What is expected: Return every line of the records, exact and in full, until you have returned the line with "取材自《圣经》中的上帝创造世", and include none of the pictures.

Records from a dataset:
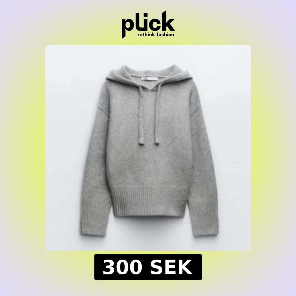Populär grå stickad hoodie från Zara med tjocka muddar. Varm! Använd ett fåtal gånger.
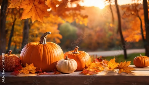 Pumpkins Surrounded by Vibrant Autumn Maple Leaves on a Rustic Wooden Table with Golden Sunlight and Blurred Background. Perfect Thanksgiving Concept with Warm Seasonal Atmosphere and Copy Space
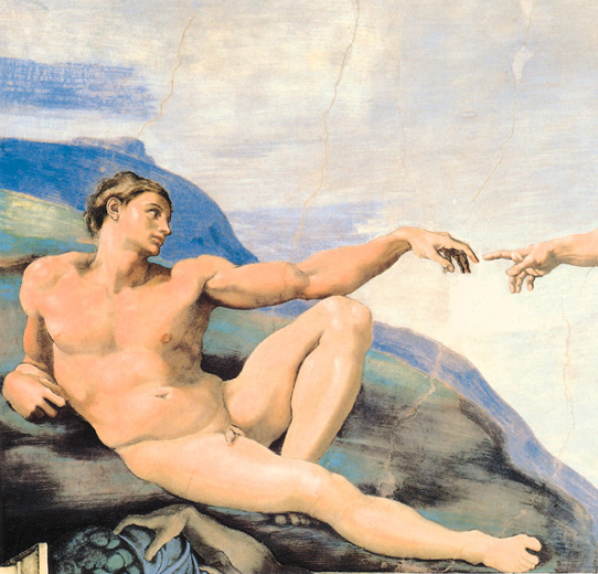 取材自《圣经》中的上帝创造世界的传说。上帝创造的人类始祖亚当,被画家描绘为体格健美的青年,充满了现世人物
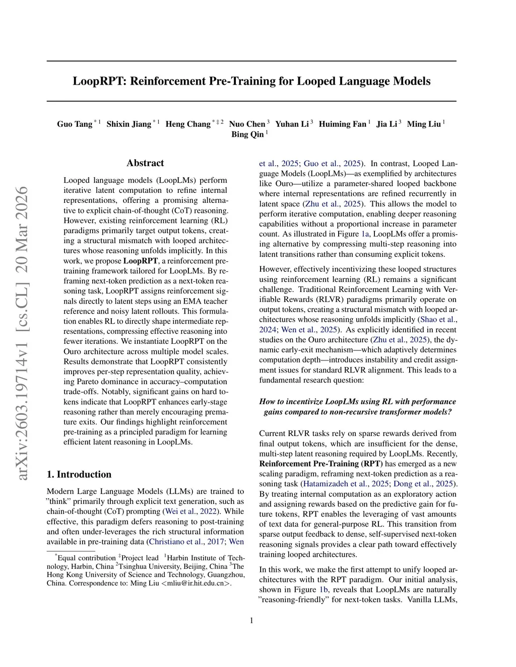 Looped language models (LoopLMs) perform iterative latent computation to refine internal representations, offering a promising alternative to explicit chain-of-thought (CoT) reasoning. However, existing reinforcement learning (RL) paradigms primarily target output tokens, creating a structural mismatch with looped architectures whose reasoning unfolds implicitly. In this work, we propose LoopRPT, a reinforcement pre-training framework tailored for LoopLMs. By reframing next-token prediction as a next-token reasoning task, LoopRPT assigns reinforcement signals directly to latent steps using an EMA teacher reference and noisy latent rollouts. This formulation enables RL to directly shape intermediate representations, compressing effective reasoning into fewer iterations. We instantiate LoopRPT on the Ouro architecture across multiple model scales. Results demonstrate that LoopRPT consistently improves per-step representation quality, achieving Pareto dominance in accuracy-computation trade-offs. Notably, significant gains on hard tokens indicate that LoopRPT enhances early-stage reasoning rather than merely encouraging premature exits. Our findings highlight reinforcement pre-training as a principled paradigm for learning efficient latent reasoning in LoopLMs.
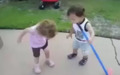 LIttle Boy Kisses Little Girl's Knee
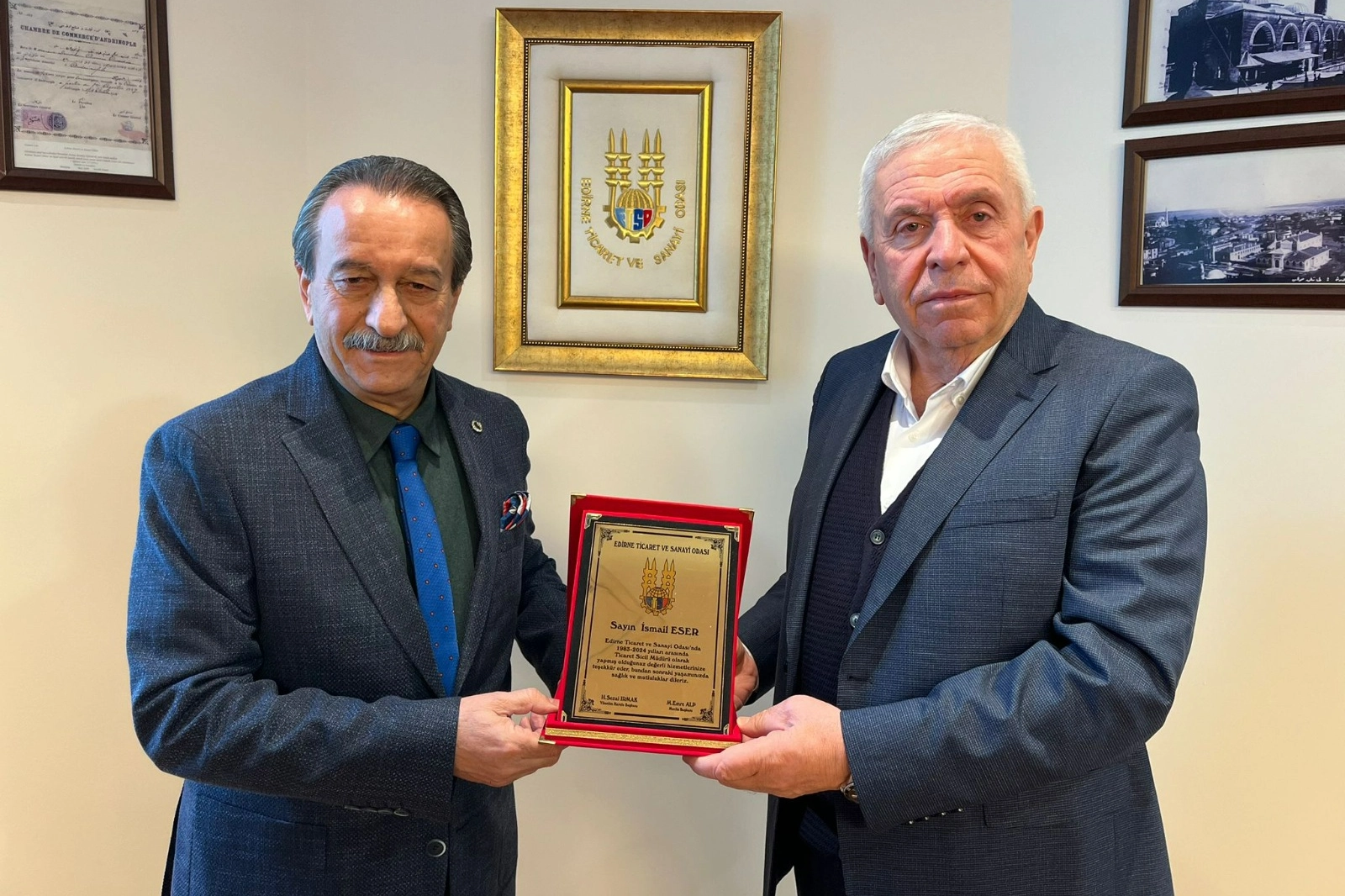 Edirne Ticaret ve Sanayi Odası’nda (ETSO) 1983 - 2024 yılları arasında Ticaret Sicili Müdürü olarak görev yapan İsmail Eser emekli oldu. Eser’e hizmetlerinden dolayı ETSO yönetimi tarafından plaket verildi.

Reply to the exercise:
Populär grå stickad hoodie från Zara med tjocka muddar. Varm! Använd ett fåtal gånger.
 Pumpkins Surrounded by Vibrant Autumn Maple Leaves on a Rustic Wooden Table with Golden Sunlight and Blurred Background. Perfect Thanksgiving Concept with Warm Seasonal Atmosphere and Copy Space
 取材自《圣经》中的上帝创造世界的传说。上帝创造的人类始祖亚当,被画家描绘为体格健美的青年,充满了现世人物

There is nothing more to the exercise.